Invoke Request Routing
This is a very high-level overview of Lambda component. We will only talk about invoke routing, and compute infrastructure. Let's start with invoke request routing. This is the layer which connects all the microservices together. It provides availability, scale, and access to the execution environments. Let's start very simple, let's build it ourselves. We have Alice, and she asked us for help to run her code in the cloud. First, we need to add a configuration service of some kind, to store her code and associated config. Then, we need to introduce a frontend. Frontend will take invoke request, validate it, authorize, and the invoke stores configuration in a database. Now we need a worker, your execution environment, or sandbox, where actual Alice's code will run. Sounds simple, but there is a problem.

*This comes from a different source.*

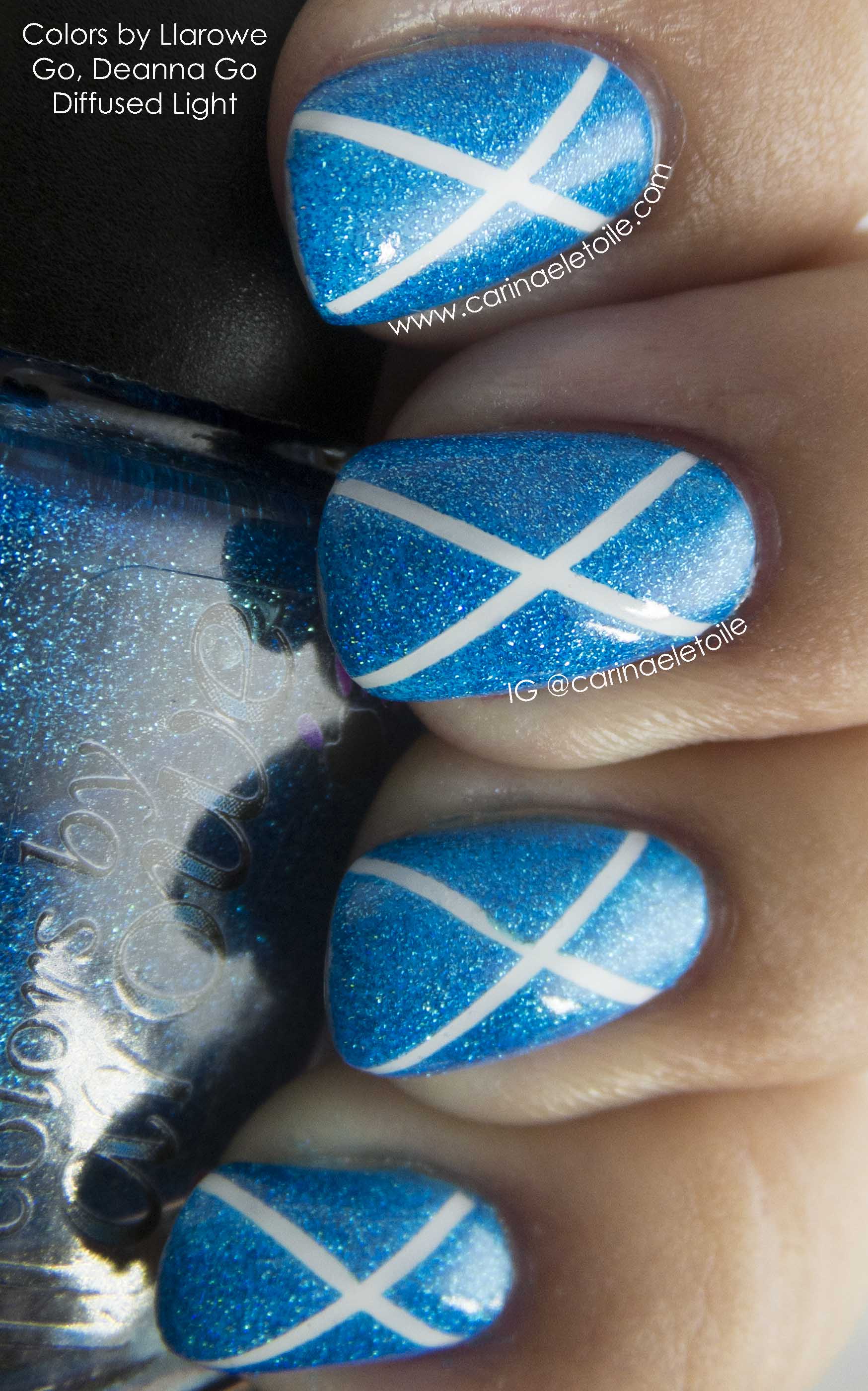Now that my little rambling is over, I now present Colors by Llarowe Go, Deanna Go! in a Flag of Scotland mani. Hope you like it.

Remember, we're building an on-demand compute system, it means at the time of the invoke there might not be an available worker or execution environment. Frontend doesn't know where to run code, where to send the request. Let's add a new system, we'll call it placement. Placement will be responsible for creating execution environment or sandboxes on-demand. Now frontend needs the short call placement to request a sandbox. Only after that, it can send the invoke request to the created execution environment. Now it's functionally complete. There is a problem. We added on-demand initialization in front of every invoke request. This initialization takes this many steps. You need to create execution environment itself. You need to download customer code. You need to start up a runtime. You need to initialize the function itself. It all can take several seconds, which wouldn't be great customer experience.

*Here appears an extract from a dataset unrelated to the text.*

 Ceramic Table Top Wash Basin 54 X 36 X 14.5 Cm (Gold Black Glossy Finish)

This is a latency distribution graph. It shows how often we see particular invoke duration over the period of time. The green invoke latency is our good work. This is what our code does, it's our business logic. It does some useful work and it takes some CPU time, it's ok. We want our overhead to be very minimal, so that's why we want to be nearby in terms of observed latency. What we see, we are here. This is because of all these initialization steps we're taking in front of every invoke. It's not great customer experience, so let's fix it. Let's introduce a new system. We'll call it worker manager. Worker manager will be responsible to help us reuse previously created sandboxes, and use them instead of creating a new one every time. Now, we have two modes. The first one, when frontend asks worker manager for a sandbox, and worker manager returns one. Then from then it sends an invoke without significant interruptions, we call it warm invokes. Still, there are some cases where worker manager won't have a sandbox, so it has to call placement again to create a new one. This would be our initialization path, slow path. This is how it's seen on the distribution graph. We now see two paths. One we see that majority of invokes now move to the right spot. They provide very little overhead. They're fast. We call them warm invokes. There is a smaller number of the cold invokes still left. By the end of this talk we will completely eliminate cold starts, but there is a lot that needs to be done.

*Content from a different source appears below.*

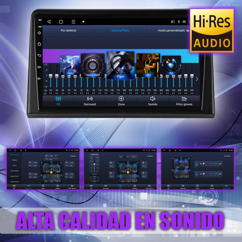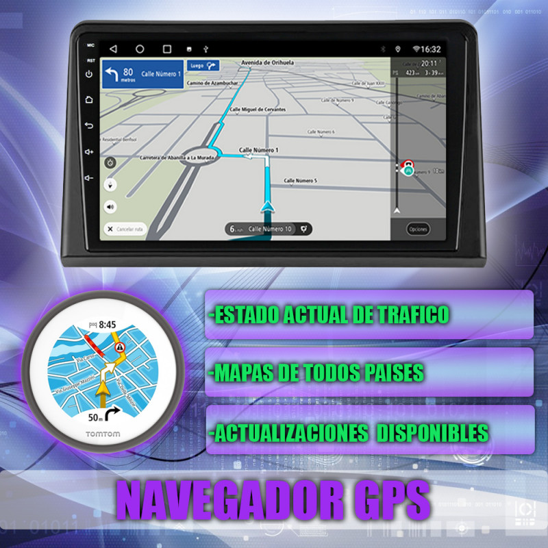 Memoria 2 GB de RAM y 32 GB de almacenamiento interno (ROM) para aplicaciones, mapas y contenido multimedia.

This is a more realistic representation of Lambda synchronous invoke routing in production. We added multiple availability zones for resiliency. We added front load balancer to distribute the load. We replaced worker manager with assignment service. I'll explain why. Everything else looks very similar to what we just built for Alice. Let's deep dive into the worker manager. Worker manager was the original system which was built when Lambda started. In order to track sandboxes, it keeps in-memory database of all the created sandboxes and their state. Sandbox can be in busy state, meaning it's sharing an invoke, or it can be in idle state meaning it's doing nothing. When there is your request from frontend comes in, worker manager will pick first available idle sandbox in the region. It also will mark it as busy, and worker manager will track the progress of an invoke to mark it as idle at the end of the invoke. This is how worker manager was deployed into the production region. Again, we have multiple zones, worker manager deploys in every zone. Because Lambda is a regional service, worker manager was tracking sandboxes in every other AZ, availability zone. The system works reasonably well towards available at provided scale until it doesn't. Remember, every worker manager holds sandbox state in memory, which is not durable storage, is not replicated. If for whatever reason, the worker manager host goes down, we will lose all the sandboxes which was created by that instance. Let's look at the production region. In the case of availability zone event, we generally expect that, ok, we will lose one-third of capacity, which resides in this availability zone. The rest of the availability zones will scale to compensate. Because worker manager tracks sandboxes in multiple availability zones, the real impact will be worse. We will lose capacity in healthy AZs as well, because it was tracked by unavailable worker managers. The compound impact can be quite large, and it's not acceptable. In addition to that, worker managers run in isolation. All the remaining worker managers, they will start calling placement service to compensate for the losing capacity, adding additional load and pressure on the system in the case of availability event, making it harder to recover.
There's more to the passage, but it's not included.